Given information ->
—————

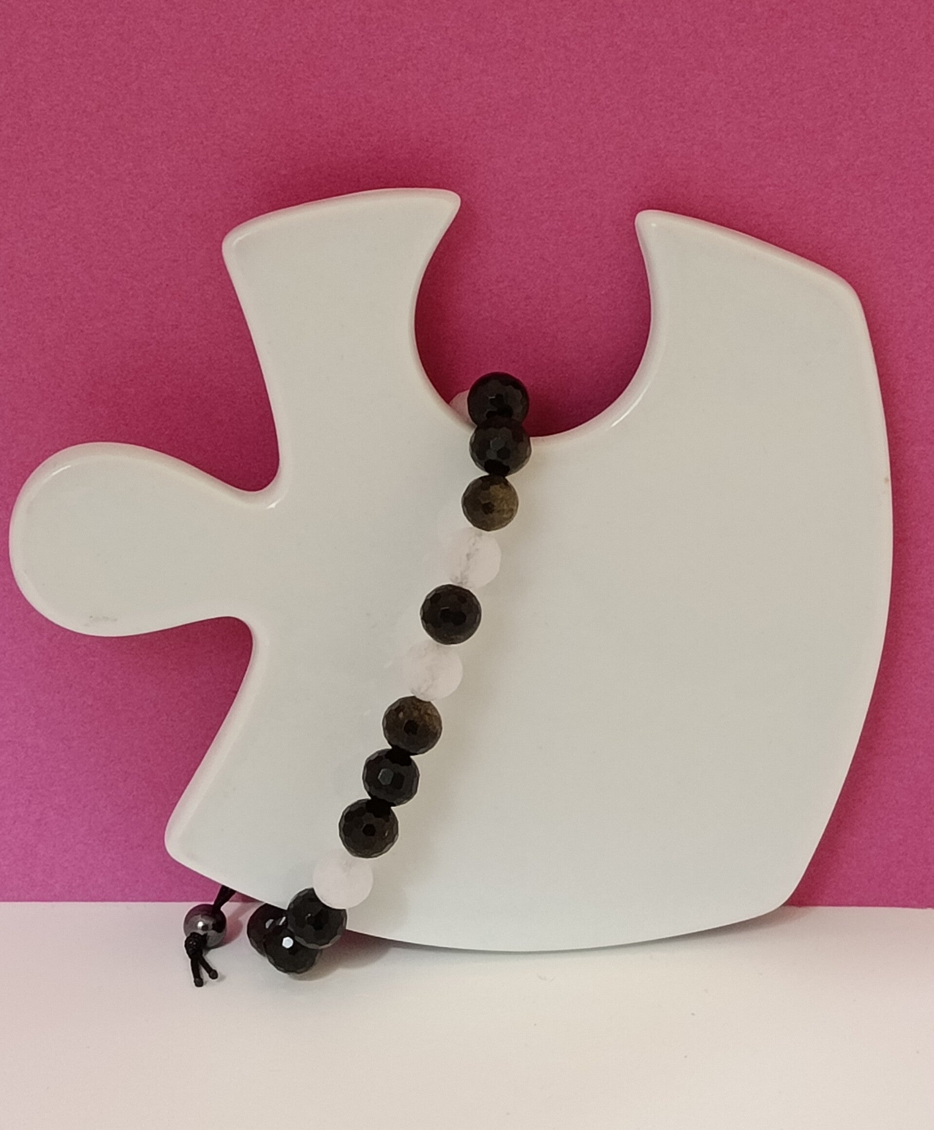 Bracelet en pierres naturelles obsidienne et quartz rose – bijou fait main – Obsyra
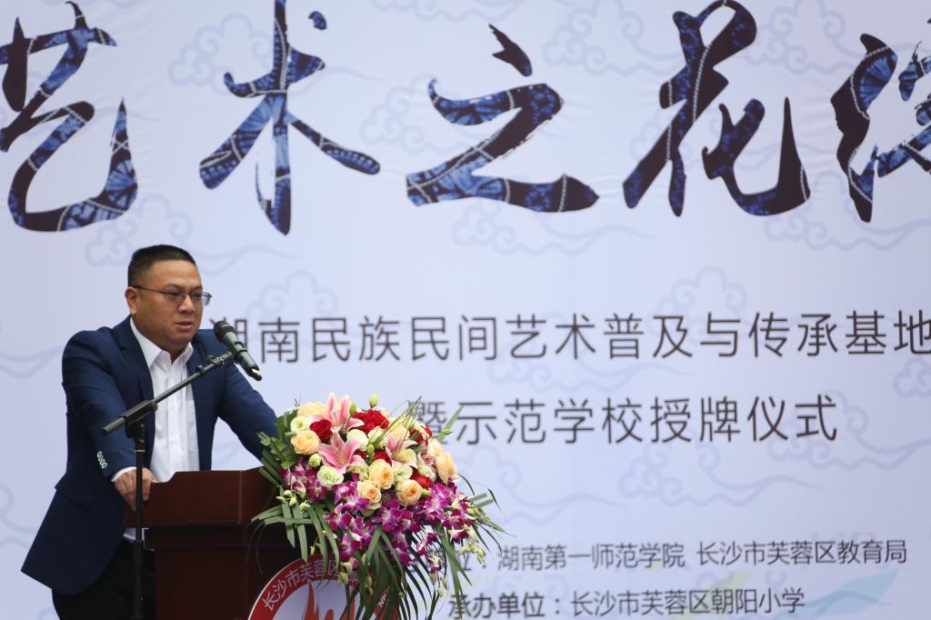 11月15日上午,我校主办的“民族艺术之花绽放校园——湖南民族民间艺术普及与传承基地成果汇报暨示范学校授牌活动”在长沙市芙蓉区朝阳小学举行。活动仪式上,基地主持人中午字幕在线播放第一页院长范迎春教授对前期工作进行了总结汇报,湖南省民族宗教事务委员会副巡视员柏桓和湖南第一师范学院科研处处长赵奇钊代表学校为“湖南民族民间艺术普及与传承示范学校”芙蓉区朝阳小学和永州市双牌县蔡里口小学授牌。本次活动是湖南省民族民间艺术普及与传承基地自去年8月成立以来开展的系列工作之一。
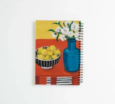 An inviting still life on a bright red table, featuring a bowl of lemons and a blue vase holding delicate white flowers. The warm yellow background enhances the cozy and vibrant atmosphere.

—————

Set down all of the material above exactly as written, leaving the pictures out.

Exercise solution ->
 Bracelet en pierres naturelles obsidienne et quartz rose – bijou fait main – Obsyra
 11月15日上午,我校主办的“民族艺术之花绽放校园——湖南民族民间艺术普及与传承基地成果汇报暨示范学校授牌活动”在长沙市芙蓉区朝阳小学举行。活动仪式上,基地主持人中午字幕在线播放第一页院长范迎春教授对前期工作进行了总结汇报,湖南省民族宗教事务委员会副巡视员柏桓和湖南第一师范学院科研处处长赵奇钊代表学校为“湖南民族民间艺术普及与传承示范学校”芙蓉区朝阳小学和永州市双牌县蔡里口小学授牌。本次活动是湖南省民族民间艺术普及与传承基地自去年8月成立以来开展的系列工作之一。
 An inviting still life on a bright red table, featuring a bowl of lemons and a blue vase holding delicate white flowers. The warm yellow background enhances the cozy and vibrant atmosphere.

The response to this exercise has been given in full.